▸ **WHAT IS EXPECTED**: Give back exactly the lines of the entries below from the line with "Blood collection becomes" to the line with "BIツールは強力な武器になり", inclusive, and only those.

——————————

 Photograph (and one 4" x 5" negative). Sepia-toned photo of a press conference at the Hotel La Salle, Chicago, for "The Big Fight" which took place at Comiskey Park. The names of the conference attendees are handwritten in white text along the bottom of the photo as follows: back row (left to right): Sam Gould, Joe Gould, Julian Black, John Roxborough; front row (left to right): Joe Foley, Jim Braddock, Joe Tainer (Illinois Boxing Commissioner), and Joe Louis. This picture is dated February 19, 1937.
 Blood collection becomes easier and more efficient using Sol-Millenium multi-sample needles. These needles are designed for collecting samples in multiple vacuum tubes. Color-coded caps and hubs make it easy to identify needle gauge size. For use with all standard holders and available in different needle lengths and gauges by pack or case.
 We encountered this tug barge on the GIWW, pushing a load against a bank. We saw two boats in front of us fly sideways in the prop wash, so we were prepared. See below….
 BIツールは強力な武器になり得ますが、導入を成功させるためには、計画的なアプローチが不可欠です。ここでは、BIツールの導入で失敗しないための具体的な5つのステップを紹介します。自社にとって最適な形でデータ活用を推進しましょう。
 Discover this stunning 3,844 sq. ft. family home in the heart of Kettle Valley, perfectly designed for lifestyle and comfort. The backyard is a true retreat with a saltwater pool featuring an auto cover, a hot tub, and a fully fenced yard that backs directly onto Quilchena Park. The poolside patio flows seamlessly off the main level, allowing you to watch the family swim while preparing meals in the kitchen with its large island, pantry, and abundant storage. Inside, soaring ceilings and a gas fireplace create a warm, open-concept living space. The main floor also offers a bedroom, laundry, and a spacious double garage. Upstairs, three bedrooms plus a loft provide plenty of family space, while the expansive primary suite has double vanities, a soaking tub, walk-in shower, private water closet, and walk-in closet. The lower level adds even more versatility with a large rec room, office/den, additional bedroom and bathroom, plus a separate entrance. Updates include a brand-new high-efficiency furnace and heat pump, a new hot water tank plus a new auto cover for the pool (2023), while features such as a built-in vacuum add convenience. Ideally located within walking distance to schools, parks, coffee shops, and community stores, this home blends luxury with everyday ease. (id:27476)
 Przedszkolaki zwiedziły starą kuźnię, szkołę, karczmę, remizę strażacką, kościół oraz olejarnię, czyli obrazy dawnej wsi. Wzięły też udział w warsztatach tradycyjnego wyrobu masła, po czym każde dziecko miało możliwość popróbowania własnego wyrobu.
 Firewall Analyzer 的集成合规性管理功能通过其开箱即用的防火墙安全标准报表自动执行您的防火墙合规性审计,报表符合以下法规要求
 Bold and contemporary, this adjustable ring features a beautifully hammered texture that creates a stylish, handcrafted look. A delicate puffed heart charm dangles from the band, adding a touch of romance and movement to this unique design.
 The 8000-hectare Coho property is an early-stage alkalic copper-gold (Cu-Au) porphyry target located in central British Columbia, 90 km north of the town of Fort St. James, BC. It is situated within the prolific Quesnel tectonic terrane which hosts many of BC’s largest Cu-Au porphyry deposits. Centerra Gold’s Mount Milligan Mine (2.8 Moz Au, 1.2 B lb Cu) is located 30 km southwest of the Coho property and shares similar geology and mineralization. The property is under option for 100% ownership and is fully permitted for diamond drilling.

——————————

▸ **SOLUTION FOR THIS TASK**:
 Blood collection becomes easier and more efficient using Sol-Millenium multi-sample needles. These needles are designed for collecting samples in multiple vacuum tubes. Color-coded caps and hubs make it easy to identify needle gauge size. For use with all standard holders and available in different needle lengths and gauges by pack or case.
 We encountered this tug barge on the GIWW, pushing a load against a bank. We saw two boats in front of us fly sideways in the prop wash, so we were prepared. See below….
 BIツールは強力な武器になり得ますが、導入を成功させるためには、計画的なアプローチが不可欠です。ここでは、BIツールの導入で失敗しないための具体的な5つのステップを紹介します。自社にとって最適な形でデータ活用を推進しましょう。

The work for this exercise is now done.